In the field of graphics two artists have won high places, Vasil Zaharieff, one of the most distinguished professors in the Art Academy and Peter Morozoff. The latter confines himself almost exclusively to etchings and his pictures of Bulgarian scenes, places, buildings and types are known to foreigners visiting the country. His lines are accurately drawn and his colors delicate and harmonious. Zaharieff does etchings and is, as well, the chief wood cut artist in the country. In this branch of art he is the successor of the old Bulgarian eikon, or saint, makers who also worked on wood. The craft was passed from father to son so that a few gifted families made most of the best Bulgarian religious pictures used in churches and homes. Zaharieff's specialty, however, is not religious art, but the reproduction of typical Bulgarian scenes; that is his best wood cuts are pictures of old streets, churches, picturesque houses, monasteries, people and scenery.

The decorative artists of outstanding ability are Nicolai Rainoff and S. Badjoff.

Two Bulgarian painters enjoy places apart: they are Vladimir Dimitroff -the Maistor and Boris Gheorgieff. Dimitroff has worked out a form and method all his own. He spurns color and greatly simplifies his forms, avoiding flourishes and superfluous lines. His figures appear stereotyped and symbolic. They are rather unreal and mysterious, not a little formal and stiff, yet full of meaning and expression. They are types, apocalyptic signs; they are voices, spirits, qualities, truths.

No less original, though more versatile and gifted is Boris Gheorgieff, who is both an excellent portraitist and a mystic symbolist. His pictures are drawn and painted with unusual precision and delicacy, revealing an admirable technique combined with a freedom, a fantasy and lightness of touch found in no other Bulgarian artist. There is much otherworldliness in Gheorgieff's work, much spirituality and aspiration. He uses soft golden tints, diffusing brightness and sunshine. In many paintings the light is somewhat suppressed or just emerging. There appears to be far more in these pictures than you see. You feel that you are looking at them through a veil and that they lead to some distant realm of quiet light and rest and purity. Gheorgieff's work bears the quality of purity, of marked refinement, of a tranquil, gentle victory over coarseness and ugliness. His pictures have nothing specifically Bulgarian about them but are the creation of a gifted personality seeking the solution of ultimate problems in a mysticism that is not free from weirdness but is innocent, delicate and exquisite.

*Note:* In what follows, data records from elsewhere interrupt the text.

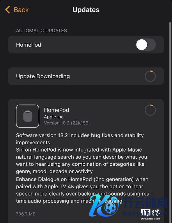 IT之家 12 月 12 日音书九游体育娱乐网,公司今天(12 月 12 日)发布 iOS 18.2、iPadOS 18.2、macOS 15.2 Sequoia 等系统除外,还发布了 tvOS 18.2 和 HomePod 18.2 更新。
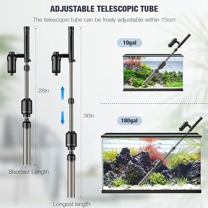 - ADJUSTABLE DESIGN FOR VARIOUS FISH TANKS: Equipped with 15cm adjustable telescopic rod and an extended 1.5m water hose, the total length of our fish tank gravel vacuum tube can reach up to 35.8 inches. The tube can be extended from 27.95 to 33.6 inches, therefore you can adjust the height according to different fish tank size or the water level. It makes fish tank cleaning easier and is an indispensable good partner in your daily life
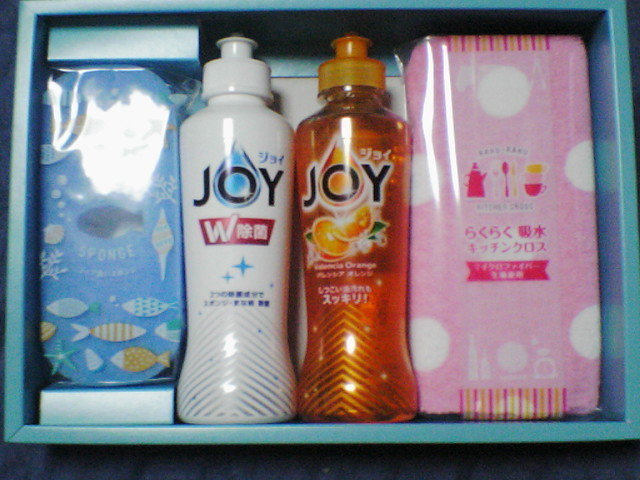 内容物 除菌ジョイコンパクト(175mL).、ジョイコンパクトオレンジ(190mL)、コップ洗いスポンジ、らくらく吸水キッチンクロス
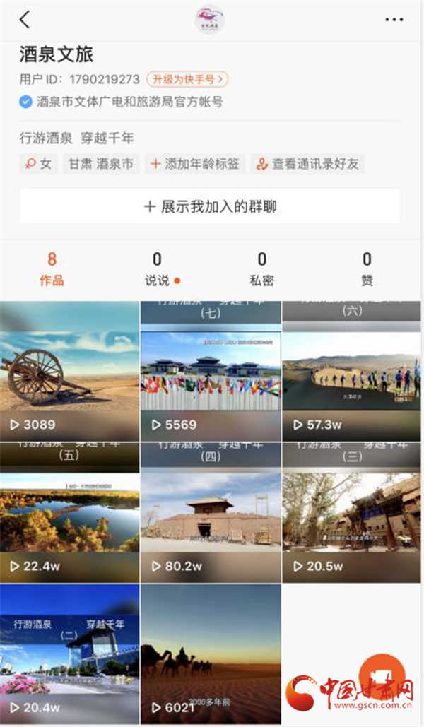 收到通知后,酒泉市文體廣電和旅游局按照省文旅廳要求,迅速開通“酒泉文旅”快手官方賬號,申請注冊了縣(市、區(qū))文旅局、4A級以上景區(qū)、縣(市、區(qū))博物館21家快手大V官方政務(wù)號,推薦上報33位熟悉網(wǎng)絡(luò)傳播規(guī)律、形象素質(zhì)較好的導(dǎo)游、講解員快手大V,組織建立了酒泉文旅快手大V培養(yǎng)隊伍。組織參加省文旅廳開展的線上“甘肅文旅快手大V培訓(xùn)”,讓更多的景區(qū)景點和博物館的導(dǎo)游、講解員參與其中,把快手平臺作為網(wǎng)絡(luò)宣傳主陣地,積極對外宣傳推介酒泉豐富的文化旅游資源。

This is the scope of Bulgarian' painting and sculpture, ranging from the heroic, massive stones of Lazaroff, portraying baggy trousered artisans, to the fine, barely visible, spirit lines of Gheorgieff revealing white-robed children in an imagined paradise where lions and lambs feed together. So far they have produced no name of outstanding world renown but have made a very creditable record. They have existed barely half a century and without doubt their golden age lies ahead.